Check the appropriate box below if the Form 8-K filing is intended to simultaneously satisfy the filing obligation of the registrant under any of the following provisions (see General Instruction A.2. below):

 

¨ Written communications pursuant to Rule 425 under the Securities Act (17 CFR 230.425)

 

¨ Soliciting material pursuant to Rule 14a-12 under the Exchange Act (17 CFR 240.14a-12)

 

¨ Pre-commencement communications pursuant to Rule 14d-2(b) under the Exchange Act (17 CFR 240.14d-2(b))

 

¨ Pre-commencement communications pursuant to Rule 13e-4(c) under the Exchange Act (17 CFR 240.13e-4(c))

 

 

 


Item 1.01 Entry into a Material Definitive Agreement

On September 1, 2010, Taleo Corporation (“Taleo”) entered into an Agreement and Plan of Merger (the “Merger Agreement”) by and among Taleo, Cajun Acquisition Corporation, a Delaware corporation and wholly-owned subsidiary of Taleo (“Sub”), Learn.com, Inc., a Delaware corporation (“Learn.com”), and with respect to Articles VII, VIII and IX only, James Riley as Stockholder Representative and U.S. Bank National Association as Escrow Agent. The Merger Agreement provides that, upon the terms and subject to the conditions set forth in the Merger Agreement, Taleo will acquire Learn.com, through the merger of Sub with and into Learn.com (the “Merger”).

Pursuant to the Merger Agreement, Taleo will pay consideration consisting of approximately $125 million in cash, subject to deductions of approximately $1.6 million for certain specified items and subject to further adjustment for third party expenses. In addition, Taleo will offer up to $2 million of interim financing in connection with the acquisition, and such amounts, if any, drawn down by Learn.com and outstanding as of the closing of the transaction will be deducted from the purchase price. The consideration will be paid in exchange for all of the outstanding capital stock of Learn.com and the vested options to acquire shares of Learn.com common stock. Approximately ten percent (10%) of the consideration will be placed into escrow for twelve months following the closing to be held as security for losses incurred by Taleo in the event of certain breaches of the representations and warranties contained in the Merger Agreement or certain other events. The escrowed consideration will consist solely of cash. Taleo will not assume any options to acquire shares of Learn.com common stock. All options to acquire shares of Learn.com common stock will become immediately vested, cancelled and converted into a right to receive an amount in cash.

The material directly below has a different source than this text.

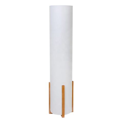 Off White Shade Uplight W Brown Wood Trim, 43", Fabric

The Merger has been approved by both companies’ boards of directors and is subject to the approval of Learn.com’s stockholders, regulatory approvals and customary closing conditions. The Merger Agreement contains certain termination rights for both Taleo and Learn.com.

The foregoing description is qualified in its entirety by reference to the Merger Agreement, which is filed as Exhibit 2.1 hereto and incorporated herein by reference.

 

Item 8.01 Other Events

On September 1, 2010, Taleo issued a press release announcing that it entered into a definitive agreement to acquire Learn.com, Inc. The full text of the press release is furnished as Exhibit 99.1 to this Current Report on Form 8-K and is incorporated herein by reference.

 

Item 9.01 Financial Statements and Exhibits

(d) Exhibits

 

Exhibit
No.

 

Description

  2.1   Agreement and Plan of Merger dated September 1, 2010, by and among Taleo Corporation, Cajun Acquisition Corp., Learn.com, Inc. and with respect to Articles VII, VIII and IX only, James Riley as Stockholder Representative and U.S. Bank National Association as Escrow Agent.
99.1   Press release dated September 1, 2010.


SIGNATURES

Pursuant to the requirements of the Securities Exchange Act of 1934, the registrant has duly caused this report to be signed on its behalf by the undersigned hereunto duly authorized.

 

TALEO CORPORATION
By:  

/S/    KATY MURRAY        

  Katy Murray
  Executive Vice President and Chief Financial Officer

Date: September 1, 2010


EXHIBIT INDEX

 

Exhibit
No.

 

Description

  2.1   Agreement and Plan of Merger dated September 1, 2010, by and among Taleo Corporation, Cajun Acquisition Corp., Learn.com, Inc. and with respect to Articles VII, VIII and IX only, James Riley as Stockholder Representative and U.S. Bank National Association as Escrow Agent.
99.1   Press release dated September 1, 2010.